Dall’aeroporto di Verona alla finanza, ai quotidiani Gedi-Repubblica: così la lobby del Veneto orientale vuole continuare a guidare la Regione

(p.d.) Visto da Verona il Veneto appare lontano. Anche se ci siamo dentro, immersi fino al collo. Lontano perché non ci sono veronesi nella stanza dei bottoni. Lontano perché le decisioni e le manovre del potere, quello sostanziale, non quello formale, vengono prese altrove e sopra le nostre teste. E queste decisioni, vedi la vicenda Aeroporto Catullo, ci penalizzano. Lontano perché noi e i vicentini contiamo poco. In tutti i sensi. La signora Maria è convinta che il potere abbia la faccia di quelli che vede in tv, del presidente o degli assessori regionali. Ma non è proprio così.
Il sistema di potere che esiste in Veneto non è molto diverso da quello di Galan. Sono passati tredici anni da quando il corpulento capo veneto di Forza Italia non è più a Palazzo Balbi. E’ c’è anche stata la bufera giudiziaria che lo ha annientato politicamente. Ma il sistema regge ancora. Ed è tutto incentrato nel triangolo Venezia-Padova-Treviso. E Verona e Vicenza rimangono immancabilmente tagliate fuori. E i risultati si vedono.
Poco importa se dal 2010 c’è Zaia alla guida della giunta regionale. La realtà è che possono cambiare i partiti, i governi regionali e le amministrazioni locali, ma il potere economico, capace di condizionare quello politico, rimane sempre quello.
Questo è il sistema. Un sistema pervasivo che tende ad inglobare tutto, nel quale è centrale la figura di Enrico Marchi, nella foto, il finanziere noto per essere stato molto vicino a Galan, che è il padrone della Save, la holding che controlla, tra l’altro, la banca Finint e gli aeroporti di Venezia, Treviso e Verona. Un sistema che continua a muoversi per consolidarsi ulteriormente.
Sul Gazzettino di ieri la notizia che Federico D’Incà, bellunese, ex ministro grillino ai Rapporti col Parlamento è diventato consulente strategico della Save. Un posto di potere rilevante, specie se si considera che siamo alla vigilia delle elezioni regionali che dovrebbero svolgersi nel 2025, il cui esito è decisivo per stabilire se questo sistema di potere deve continuare o no. E quindi sono in corso grandi manovre da parte di chi questo potere non lo vuole assolutamente perdere.
Assieme a D’Incà, al desk della holding di Marchi, c’è anche Paolo Possamai, ex direttore de ‘la Nuova Venezia’, de ‘il Mattino di Padova’ e de ‘la Tribuna di Treviso’ – tutte testate left-wing– dove svolge il ruolo di consulente strategico per le relazioni istituzionali anche della controllante Banca Finint.
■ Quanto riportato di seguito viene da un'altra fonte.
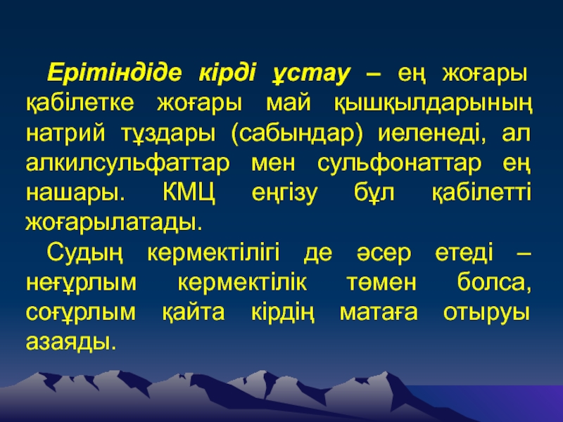 Слайд 17Ерітіндіде кірді ұстау – ең жоғары қабілетке жоғары май қышқылдарының
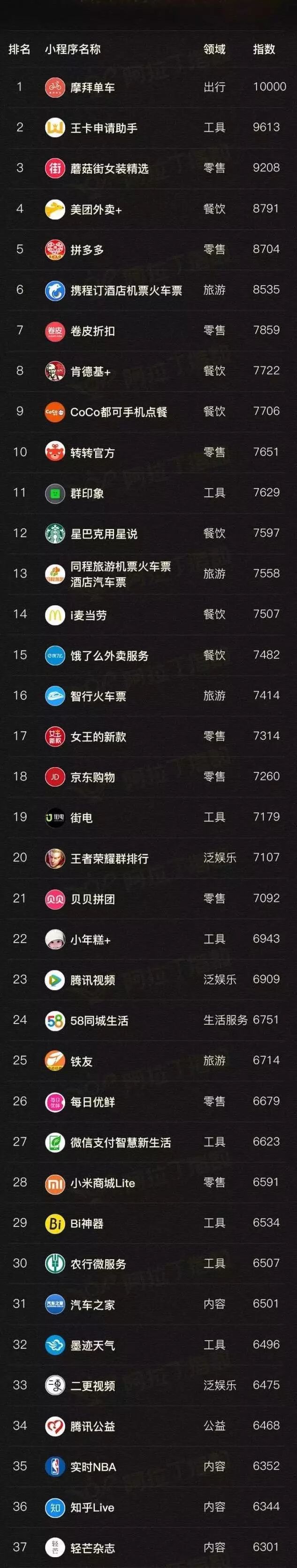 根据号称是“首家小程序统计平台”阿拉丁在8月份发布的“小程序报告”,目前生态中最成功的小程序,集中具有“生活化”“工具化”“零售”三个特性,并且普遍缺乏“娱乐性”。

Paolo Possamai è il padre di Giacomo, capogruppo Pd in Regione, candidato per diventare sindaco di Vicenza, che va al rinnovo dell’amministrazione a primavera. La caduta di Rucco, com’è avvenuto a Verona l’anno scorso per Sboarina, per il centrodestra sarebbe un pessimo segnale in vista delle regionali. Una pericolosissima inversione di tendenza. Nel momento cui la coalizione a guida Meloni vince dappertutto, perdere il Veneto, considerato a torto o a ragione la Vandea italiana, sarebbe davvero il colmo!
Ma i movimenti che si registrano nel sistema di potere in cui Marchi è centrale lasciano qualche preoccupazione.

Specie si si considera che proprio Possamai padre potrebbe gestire l’acquisto dalla famiglia Agnelli dei quotidiani veneti Gedi-Repubblica (Nuova Venezia, Mattino di Padova’ e Tribuna di Treviso) per una cordata di imprenditori veneti guidata da Marchi. Un’operazione che andrebbe a consolidare quel sistema di potere attraverso la comunicazione che, come si sa, è fondamentale per creare il consenso.